= Joe Carbury =

Canadian radio announcer

Joseph Carbury (né Carrabre; April 4, 1926 – October 17, 2017) was a rodeo announcer in Calgary, Alberta, and one of the most familiar voices of the Calgary area.

Carbury was born in Winnipeg, Manitoba in 1926, with his surname having originally been spelt "Carrabre". He began with radio sports announcing in 1948. After announcing for curling games, the junior hockey team Medicine Hat Tigers, the Edmonton Eskimos and Calgary Stampeders of the Canadian Football League, and for boxing matches, he became most famous through the Calgary Stampede.

Joe Carbury announced the chuckwagon races of the Calgary Stampede from the 1960s until his retirement in 2008. His tagline "And they're OFF..." to start each race is well known in the Calgary area.

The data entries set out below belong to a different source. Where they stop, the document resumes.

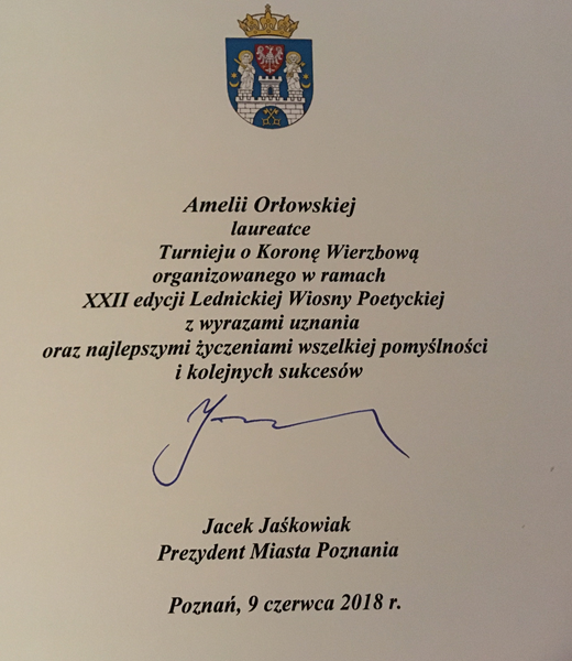Tytuł laureatki Turnieju o Koronę Wierzbową Lednickiej Wiosny Poetyckiej dla Amelii Orłowskiej to wielki sukces. Amelia otrzymała list gratulacyjny od Prezydenta Miasta Poznania pana Jacka Jaśkowiaka. Poetka udzieliła też kilku wywiadów!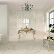 A subtle marble-effect tile with a gloss finish, 30x90 cm in size, its soft ivory color streaked with veins will fill any room with brightness and sophistication.SELENE, the new ceramic range in which the natural onyx graphic is treated delicately in an array of colors that range from an ivory hue and grayish blue to deep gray. The SELENE range can fill public spaces and homes with luxury and sophistication.A modern yet timeless range, with a wide variety of accessories, to create spaces that are full of character and class.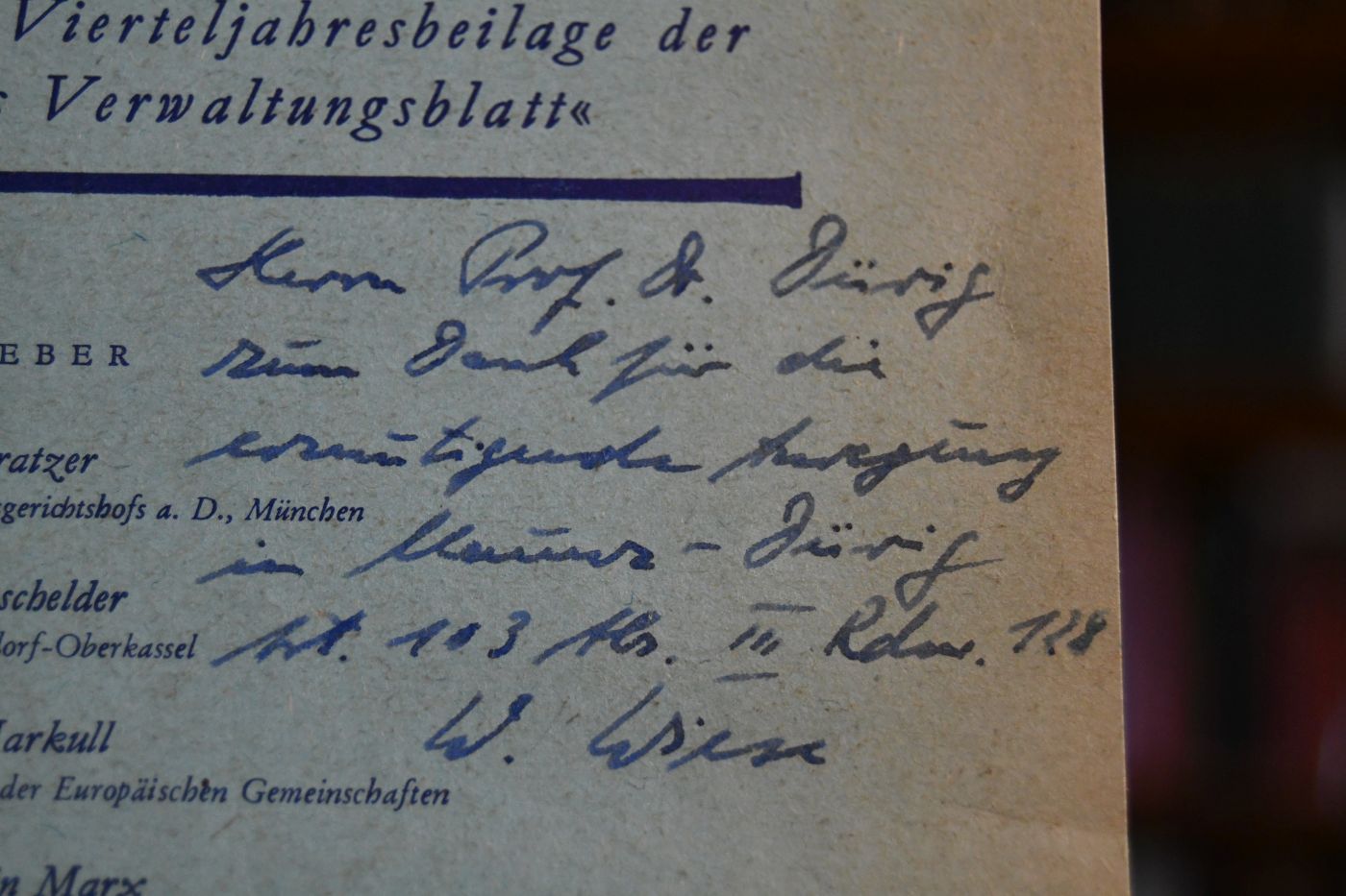 Beschreibung Einband berieben und gebräunt. Mit handschriftlicher Widmung von Walter Wiese an Günter Dürig und dessen handschriftlicher Notiz auf dem Vorderdeckel.

He also announced the horse races at Stampede Park from 1953 until horse racing moved out of the park in June 2007. Thus, at 54 years on the job, Carbury had announced for almost half of horse racing's 117-year history at Stampede Park.

He has announced over 1,000 hockey games and over 25,000 horse races.

He was inducted into the Alberta Sport Hall Of Fame in 2003. Carbury died at a Calgary hospital after a stroke, on October 17, 2017. He was 91.